Exercise ▸ Take the lines in the listing below from the line with "本文系统研究了长沙市城区27" up to and including the line with "提示词:一个女人,油画,Ra" and set them down exactly, skipping pictures and adding nothing.

[Opening Input material section]

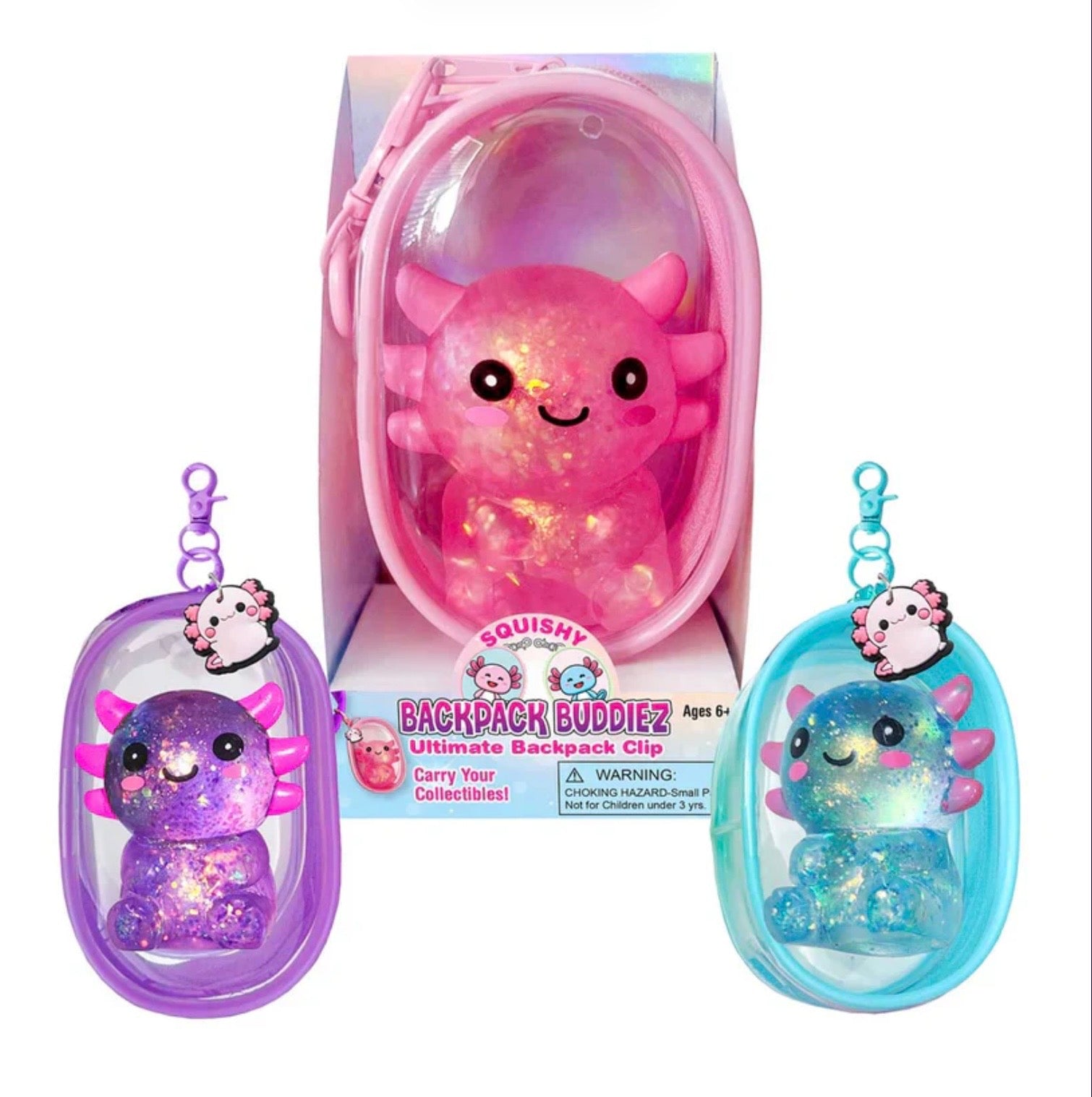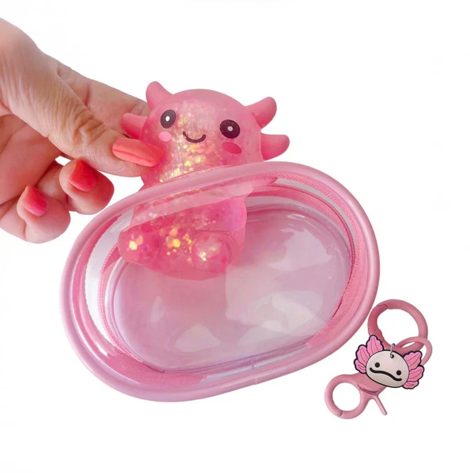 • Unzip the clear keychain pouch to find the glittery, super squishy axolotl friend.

[Closing Input material section]
[Opening Input material section]

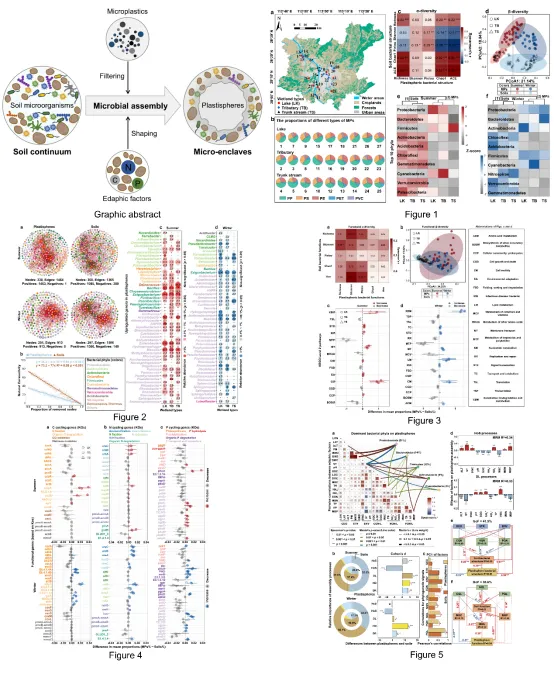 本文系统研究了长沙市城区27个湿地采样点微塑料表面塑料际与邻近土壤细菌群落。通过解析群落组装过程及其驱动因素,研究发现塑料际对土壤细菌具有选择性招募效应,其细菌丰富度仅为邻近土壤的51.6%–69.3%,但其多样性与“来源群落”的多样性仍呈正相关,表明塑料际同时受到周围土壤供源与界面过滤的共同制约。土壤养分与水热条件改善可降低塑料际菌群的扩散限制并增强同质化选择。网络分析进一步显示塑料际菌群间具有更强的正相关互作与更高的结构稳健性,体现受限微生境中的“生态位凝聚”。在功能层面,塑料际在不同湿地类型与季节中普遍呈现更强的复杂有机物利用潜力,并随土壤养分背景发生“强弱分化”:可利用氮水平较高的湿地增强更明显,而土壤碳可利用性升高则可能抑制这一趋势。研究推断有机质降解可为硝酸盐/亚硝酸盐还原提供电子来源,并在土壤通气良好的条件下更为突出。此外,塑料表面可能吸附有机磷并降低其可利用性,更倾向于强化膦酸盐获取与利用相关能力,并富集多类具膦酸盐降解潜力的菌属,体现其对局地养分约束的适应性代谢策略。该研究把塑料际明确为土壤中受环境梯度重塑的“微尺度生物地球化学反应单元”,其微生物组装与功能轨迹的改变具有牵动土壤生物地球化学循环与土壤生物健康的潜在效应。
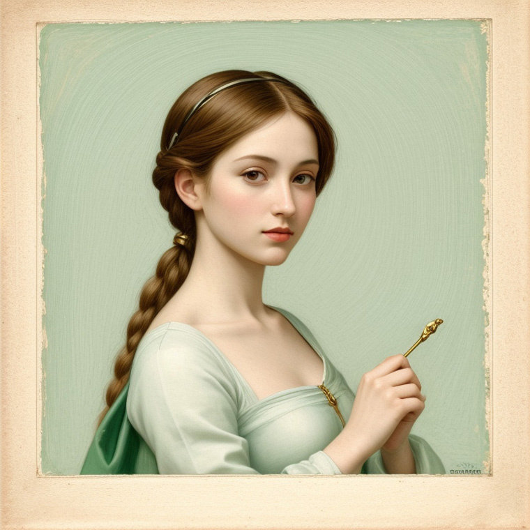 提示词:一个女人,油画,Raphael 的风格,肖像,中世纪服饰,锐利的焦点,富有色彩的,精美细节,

[Closing Input material section]
[Opening Input material section]

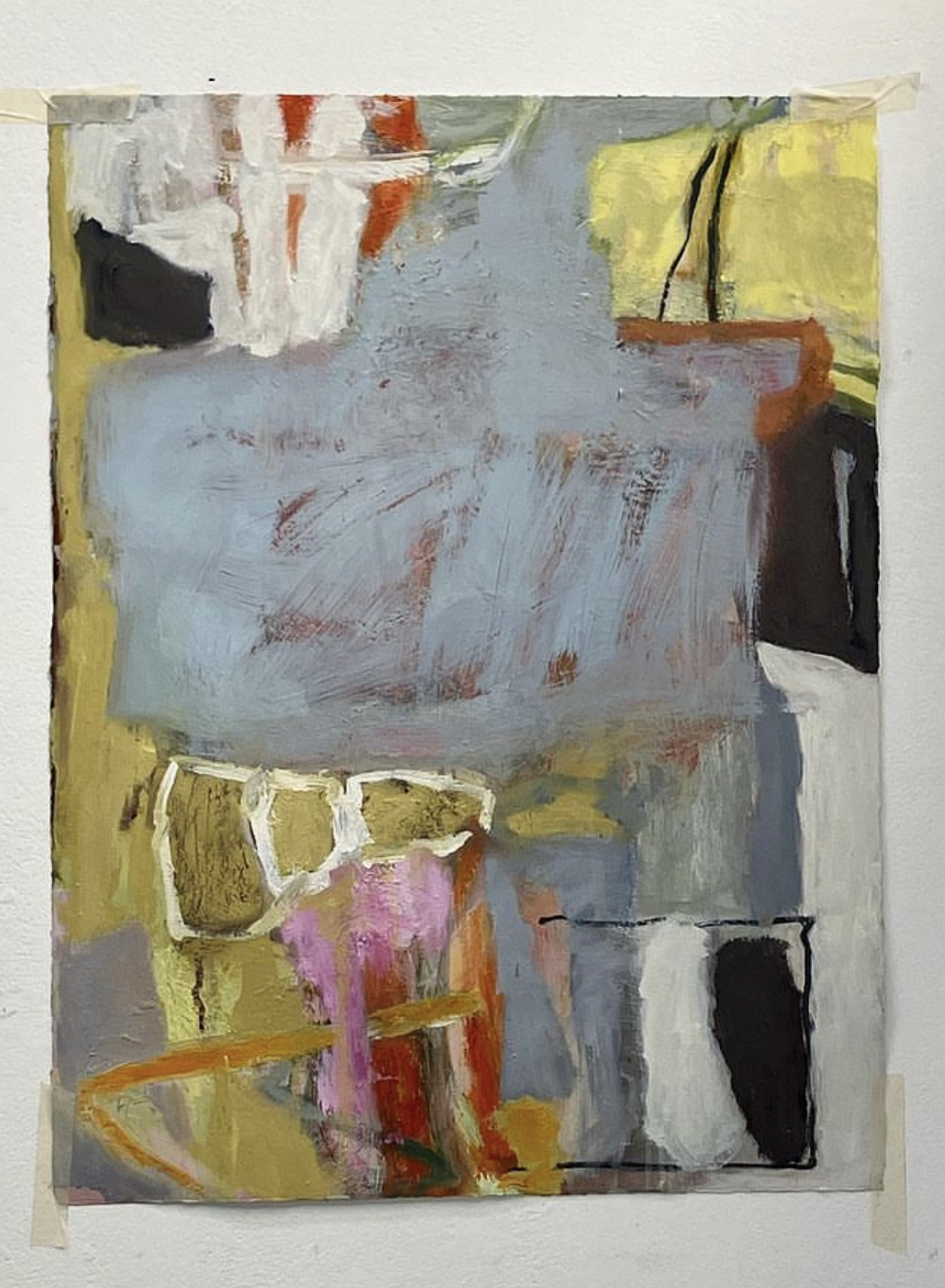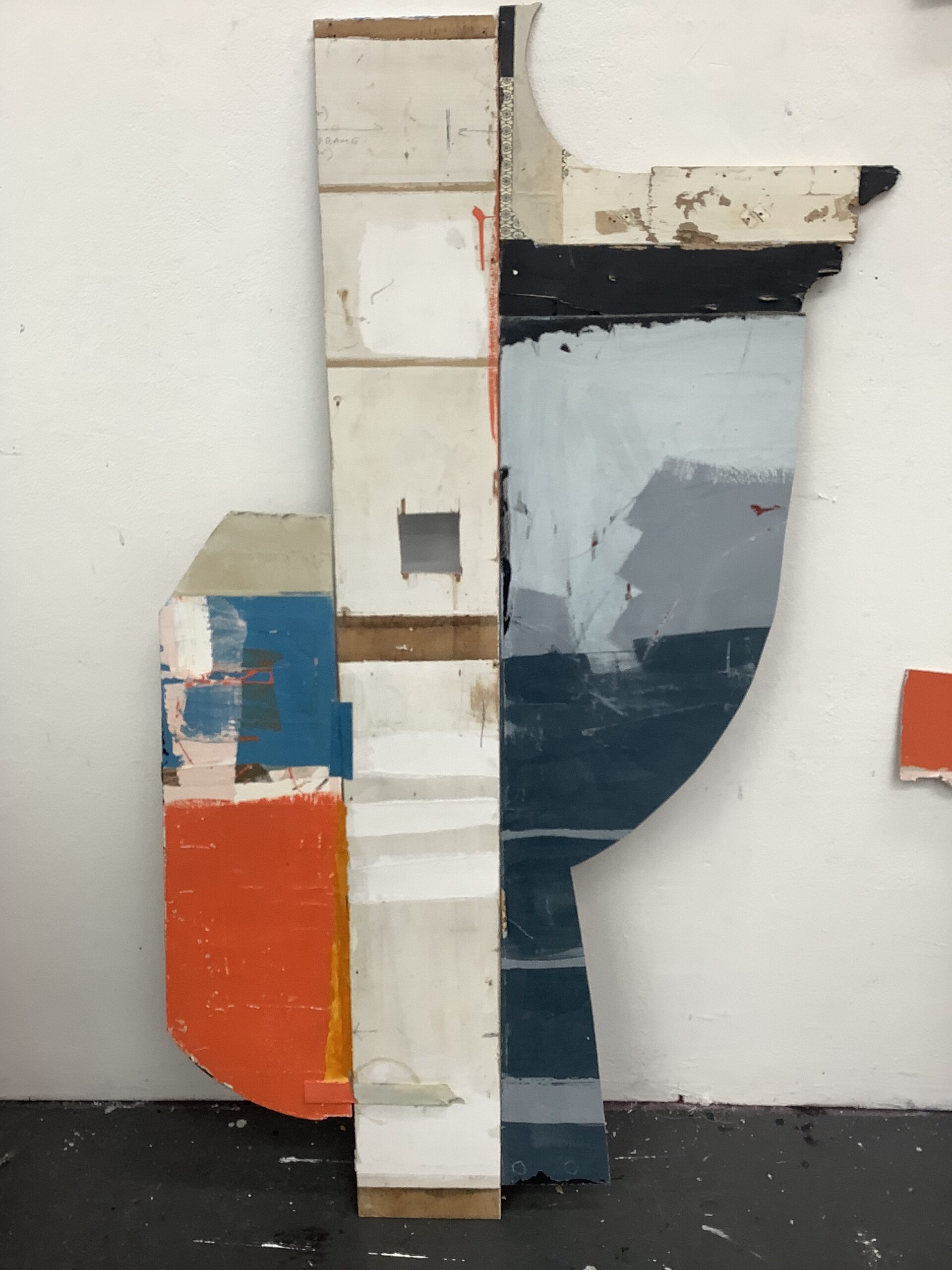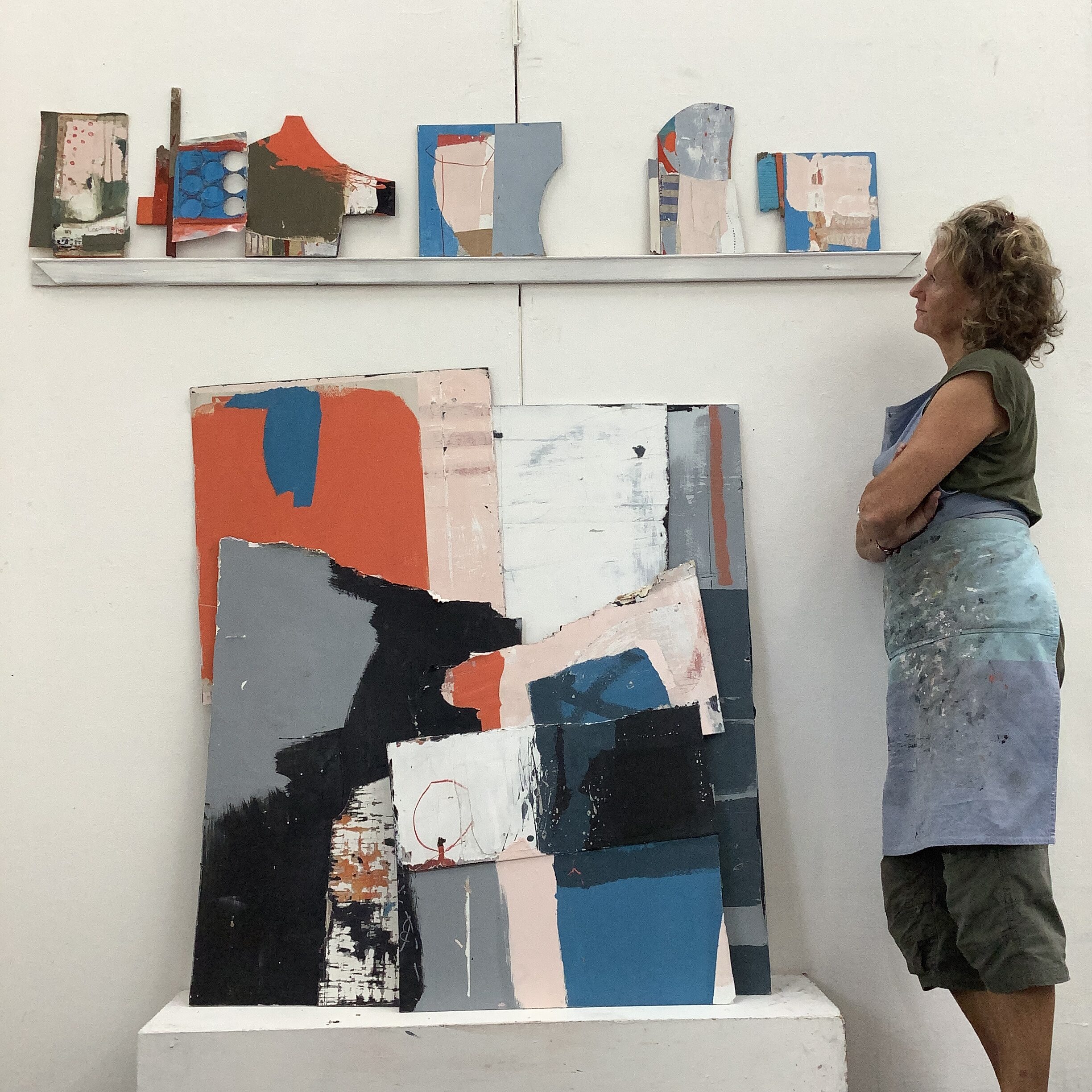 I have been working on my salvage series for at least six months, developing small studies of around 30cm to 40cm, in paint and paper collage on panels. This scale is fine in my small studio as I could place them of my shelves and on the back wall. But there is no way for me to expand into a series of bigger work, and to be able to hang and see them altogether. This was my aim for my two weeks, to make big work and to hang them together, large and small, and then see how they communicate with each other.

[Closing Input material section]

Worked solution ▸
 本文系统研究了长沙市城区27个湿地采样点微塑料表面塑料际与邻近土壤细菌群落。通过解析群落组装过程及其驱动因素,研究发现塑料际对土壤细菌具有选择性招募效应,其细菌丰富度仅为邻近土壤的51.6%–69.3%,但其多样性与“来源群落”的多样性仍呈正相关,表明塑料际同时受到周围土壤供源与界面过滤的共同制约。土壤养分与水热条件改善可降低塑料际菌群的扩散限制并增强同质化选择。网络分析进一步显示塑料际菌群间具有更强的正相关互作与更高的结构稳健性,体现受限微生境中的“生态位凝聚”。在功能层面,塑料际在不同湿地类型与季节中普遍呈现更强的复杂有机物利用潜力,并随土壤养分背景发生“强弱分化”:可利用氮水平较高的湿地增强更明显,而土壤碳可利用性升高则可能抑制这一趋势。研究推断有机质降解可为硝酸盐/亚硝酸盐还原提供电子来源,并在土壤通气良好的条件下更为突出。此外,塑料表面可能吸附有机磷并降低其可利用性,更倾向于强化膦酸盐获取与利用相关能力,并富集多类具膦酸盐降解潜力的菌属,体现其对局地养分约束的适应性代谢策略。该研究把塑料际明确为土壤中受环境梯度重塑的“微尺度生物地球化学反应单元”,其微生物组装与功能轨迹的改变具有牵动土壤生物地球化学循环与土壤生物健康的潜在效应。
 提示词:一个女人,油画,Raphael 的风格,肖像,中世纪服饰,锐利的焦点,富有色彩的,精美细节,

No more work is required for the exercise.